Task goal
Word for word, please restate the line that contains "What if Rick" and all lines after it through the end of the material, minus the pictures.

┄┄┄┄┄┄┄┄┄┄

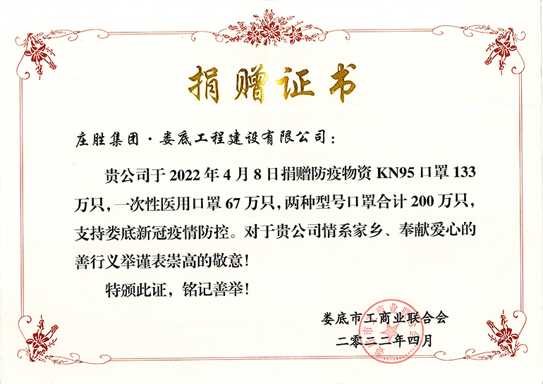 莊勝集團·婁底工程建設(shè)有限公司向婁底市捐贈200萬只防疫口罩
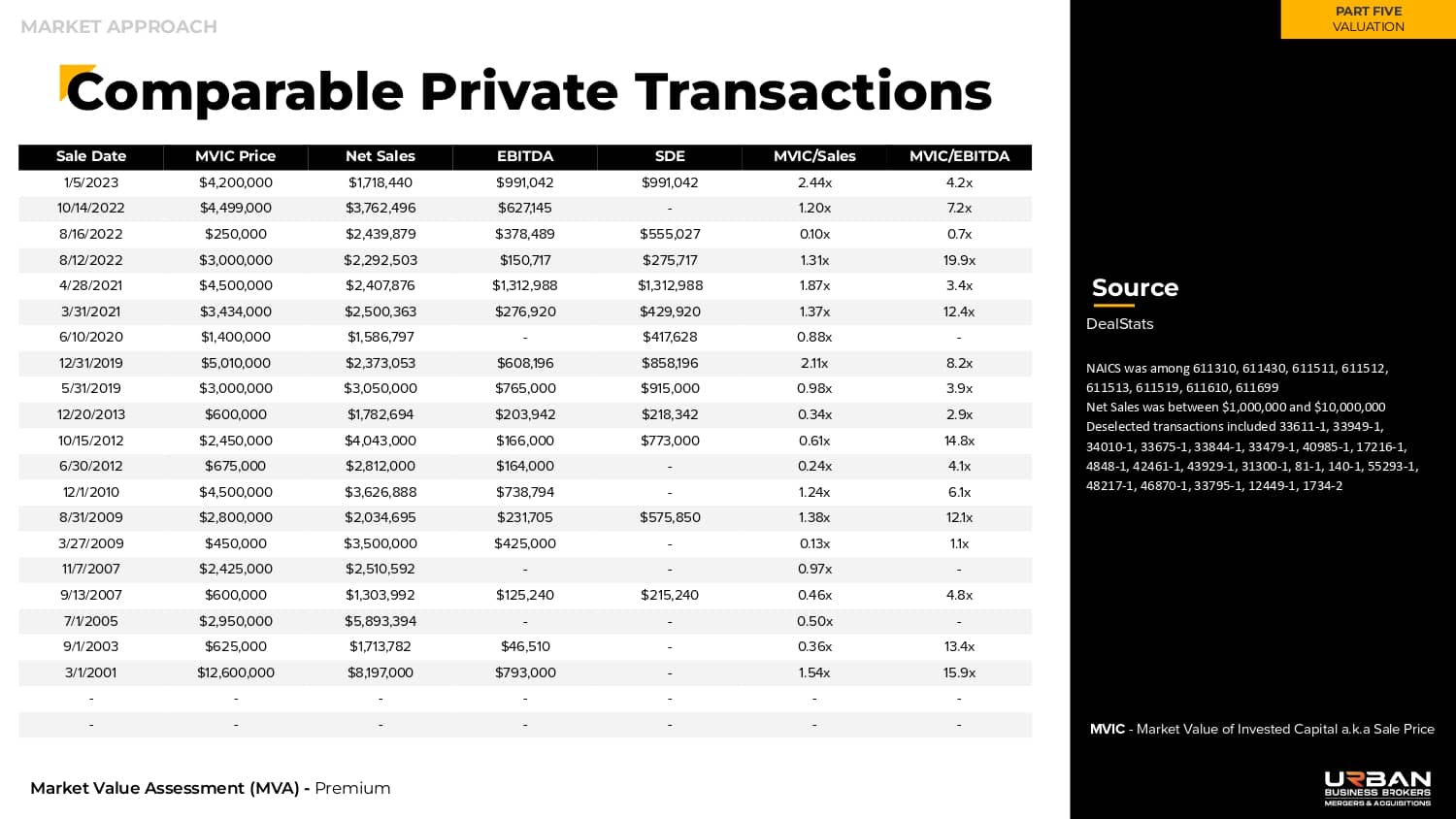 We have access to several recognized business databases with both historical/current data for sold and unsold businesses. This data helps us in understanding business trends and the value for which they are selling. There is much to a broker opinion of value than just the data available. As a matter fact analyzing comparable data is a last step in valuation there are many steps before reaching to this point like finding and calculating the annual discretionary earning, current assets, fair market value of assets and many more.
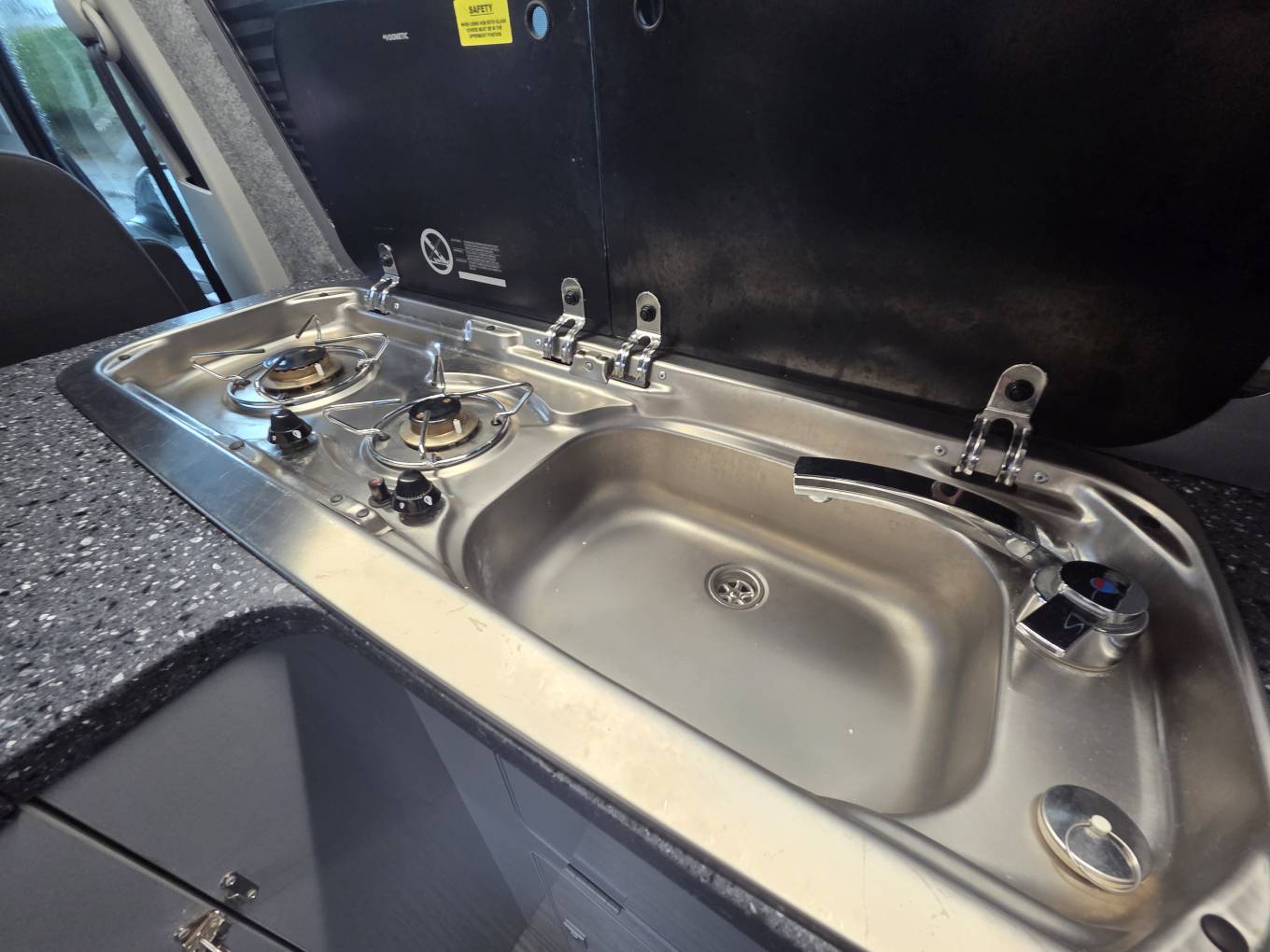 The campervan offers comfortable sleeping options for up to four people. The rear bench seat easily converts into a double bed, while the pop-top roof provides an additional sleeping area, ideal for children or extra guests.This poptop is on hydraulic struts making raising and lowering a very easy job and is very well lit.
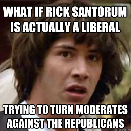 What if Rick Santorum is actually a liberal Trying to turn moderates against the republicans
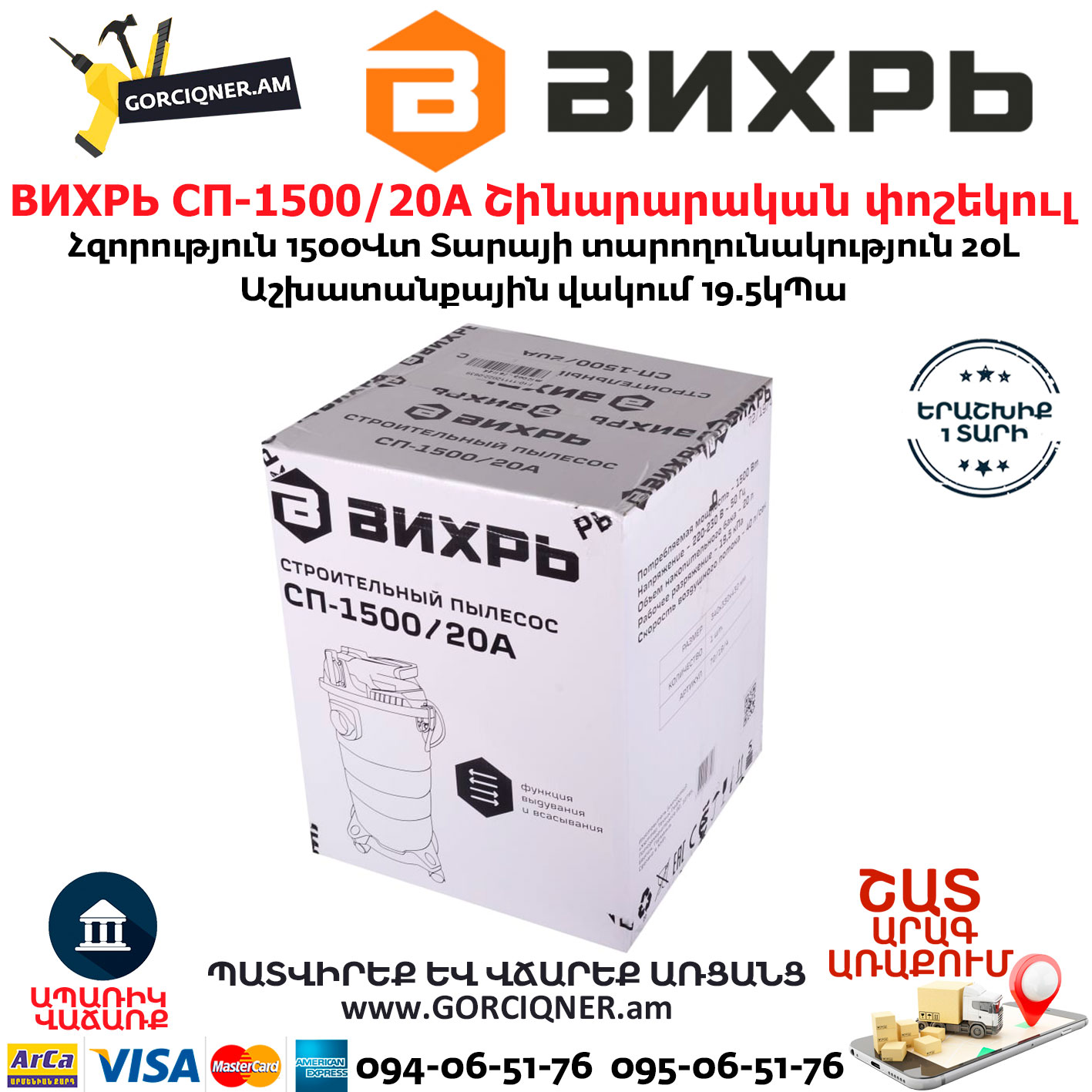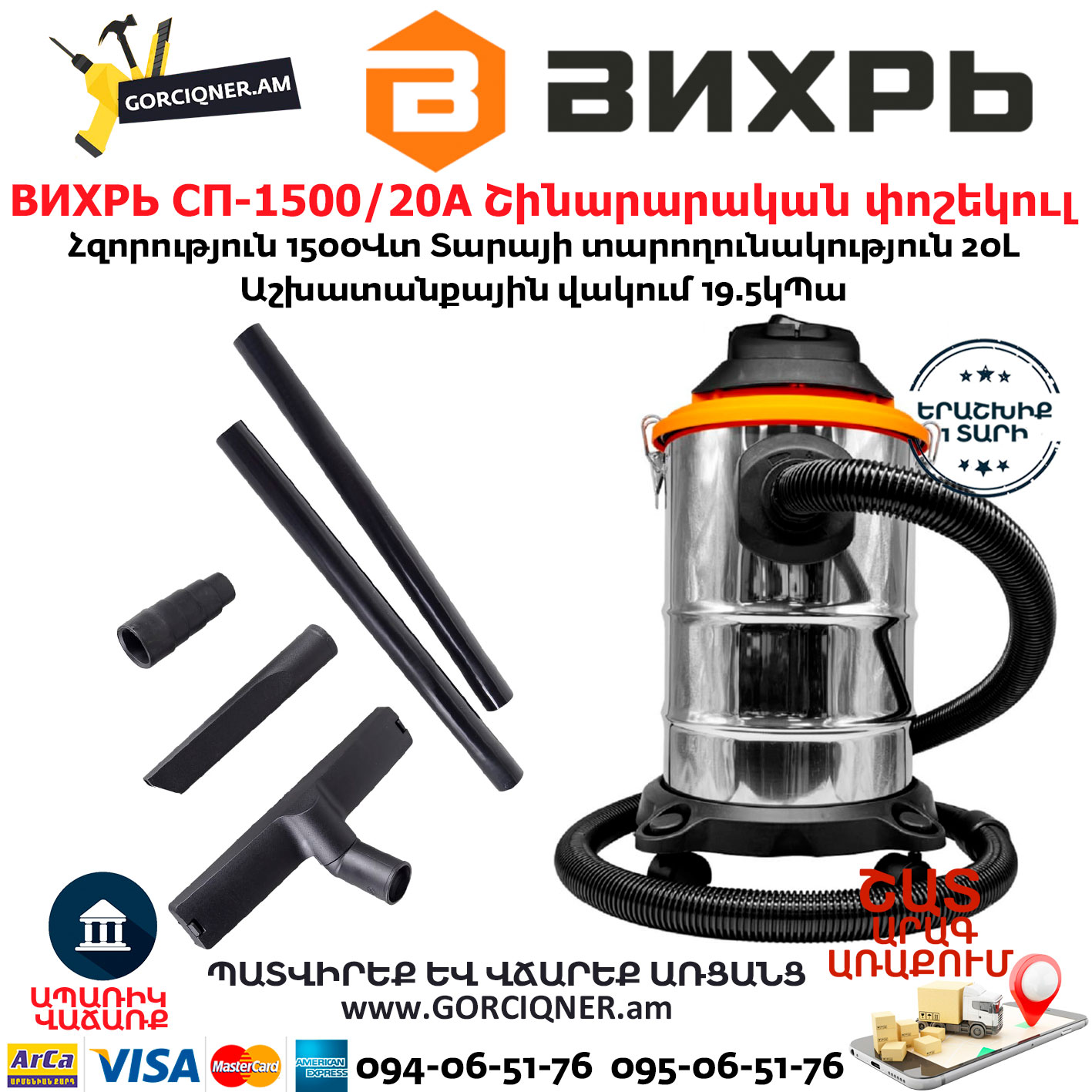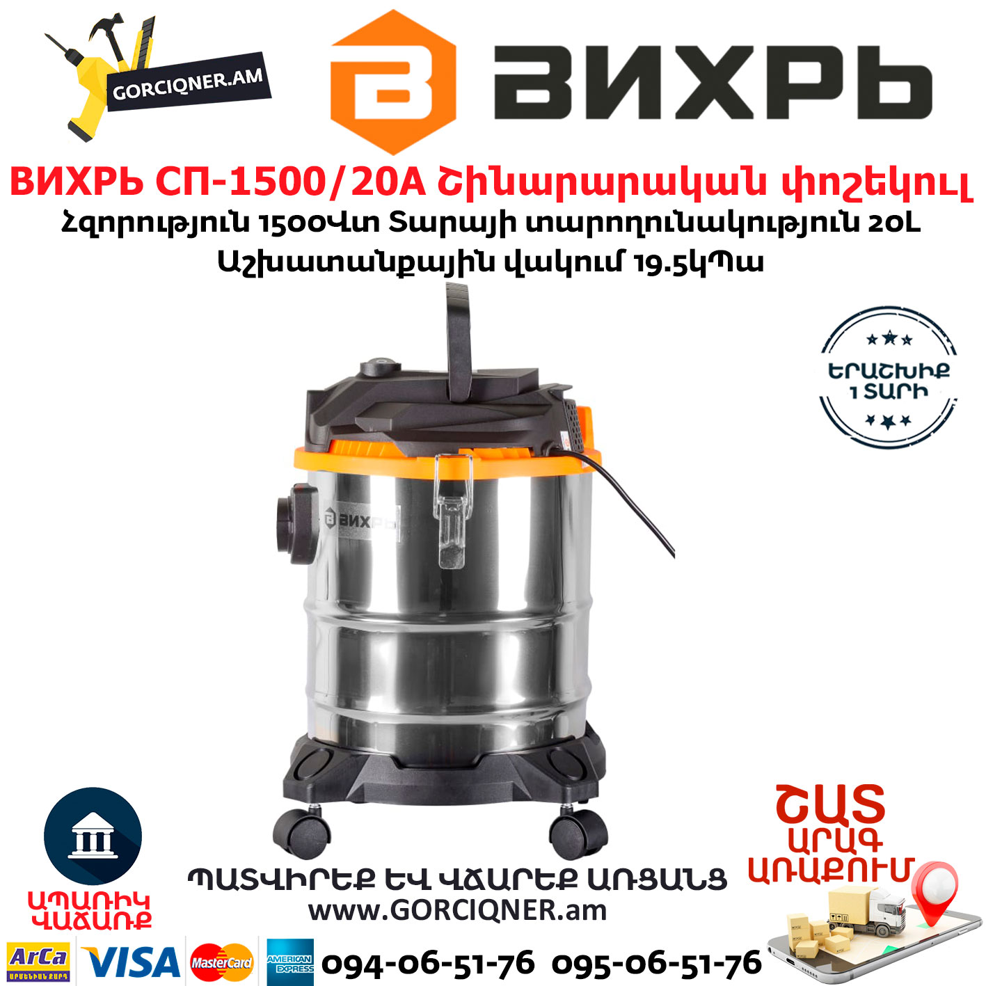 Строительный пылесос СП-1500/20 Вихрь предназначен для сухой и влажной уборки помещений, а также для совместного использования с электроинструментом при принудительном удалении продуктов сгорания, пиления. Может убирать крупные частицы мусора, а также воду.

┄┄┄┄┄┄┄┄┄┄

Task result
 What if Rick Santorum is actually a liberal Trying to turn moderates against the republicans
 Строительный пылесос СП-1500/20 Вихрь предназначен для сухой и влажной уборки помещений, а также для совместного использования с электроинструментом при принудительном удалении продуктов сгорания, пиления. Может убирать крупные частицы мусора, а также воду.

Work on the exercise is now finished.